Gargoyles have a form of magical sight that can detect wards and spells. I possessed something similar but Drake’s ability was often more accurate than mine. He’d encouraged me to train the skill but given that I barely had time to wash my hair or go shopping for new clothes, I ended up putting it on my to-do list.
Right at the bottom.
“The sigil again?” I asked, my heart racing. “The same as the last one?” He nodded. “Fuck. This is not what I need to hear.”
The last time we’d seen a sigil at a scene was a few we
eks ago, on a case involving a young missing boy. We’d never found him.
“So, the perp belongs to the same clan that took your last victim. That’s about all we know, Mel.” Drake was trying to get me to calm down and he was right. It was just a sigil. A demon’s mark. It didn’t mean anything more than the abductions could be pointed at a particular demon clan. Or that the demon could be trying to fuck with us, send us on a tangent.
“Right, so if we assume they are collecting, then we need to figure out why. In the meantime, you need to get some rest.”
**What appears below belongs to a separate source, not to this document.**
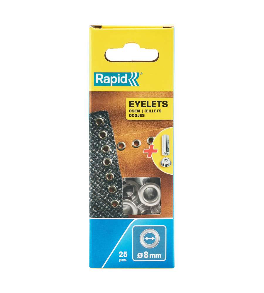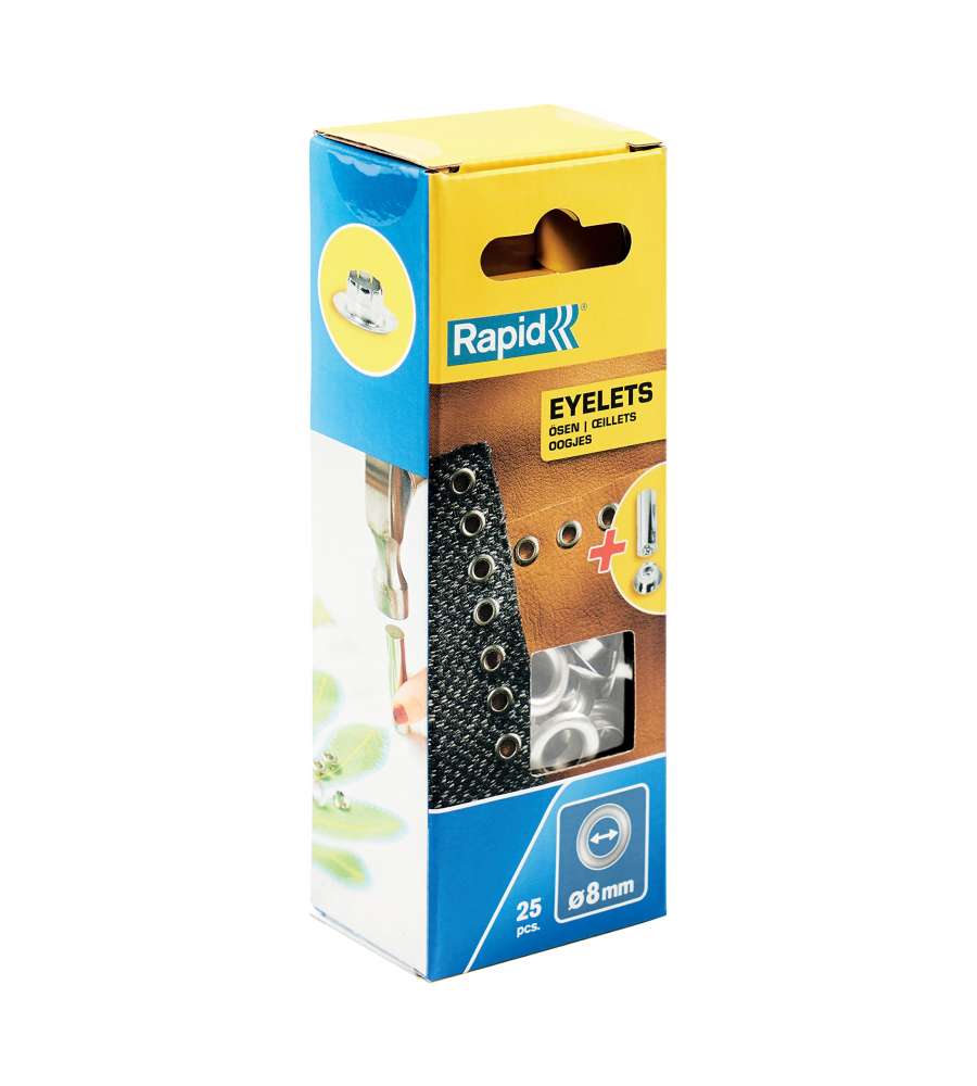 Descrizione: Occhielli in alluminio Ø8 mm, 25 pz con ribattitore incluso. Ideali per rinforzare fori su tessuti, borse e scarpe. Fissaggi duraturi e installazione semplice. Perfetti per progetti fai-da-te!
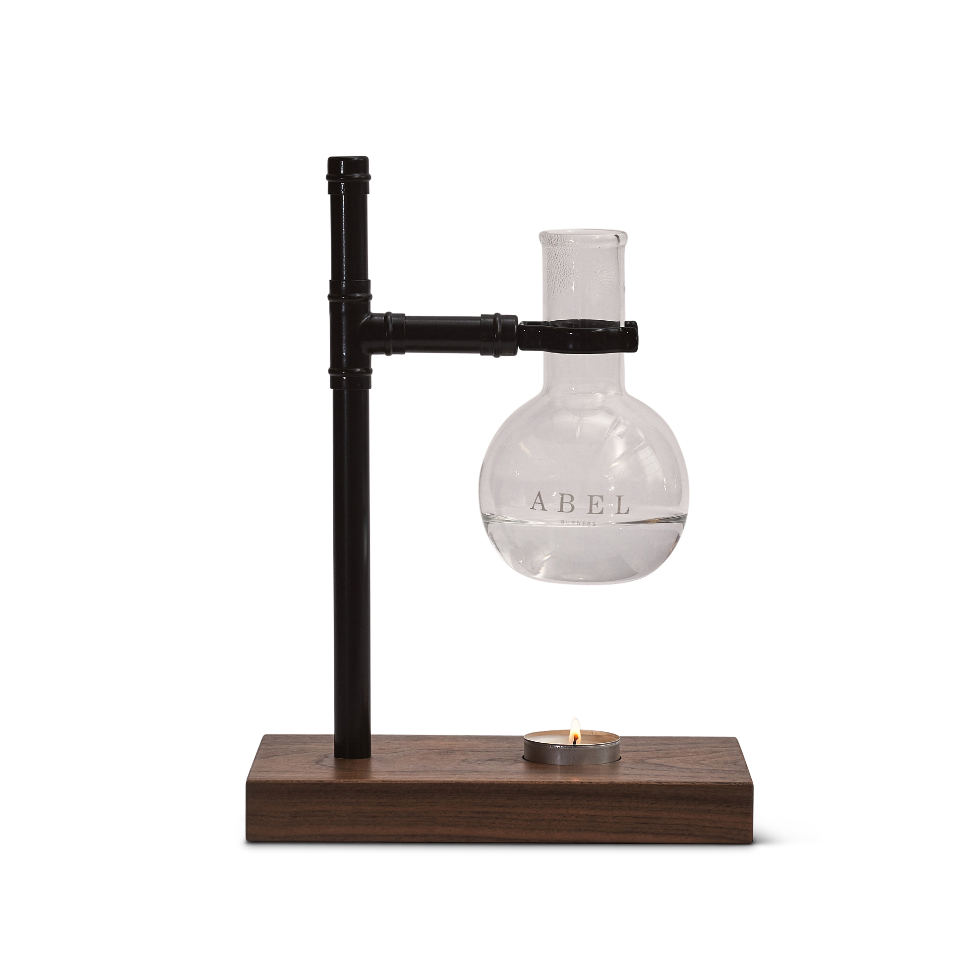 The Abel Walnut & Black Essential Oils Burner. Handmade in Cornwall with love by a family business. This premium walnut base is deeper, and contains a recess for your candle.

“How much sleep can a girl get with abductions on her mind?”
“Stop making excuses and go get some sleep. You have a few hours before eight so go crash. I’ll stop ‘em if they try to get in.”
“I’m sure you will. Just don’t destroy the house while you’re at it.” I waved at him as I climbed the stairs. Fulbright and his team had barged in on us unannounced once already.
Once had been enough and had put us all on high alert.
Chapter 6
Mel
I’d learned long ago the art of falling asleep when I needed to. Sometimes a nap here and a snooze there was all I got while on a case, and if I hadn’t trained myself to get those much-needed z’s I’d be a walking zombie and of no use to anyone, least of all the people I was searching for.
My alarm buzzed at seven and I hopped out of bed, heading for the shower. The blast of hot water on my skin did little to soothe me. It was always like this before a search. Ten minutes later I’d donned jeans and a red peasant top and was at the kitchen table again, staring at the Cross file.
“You going to check for the kid before you go to the Murdochs’?” Drake’s voice sounded behind me. He knew me well.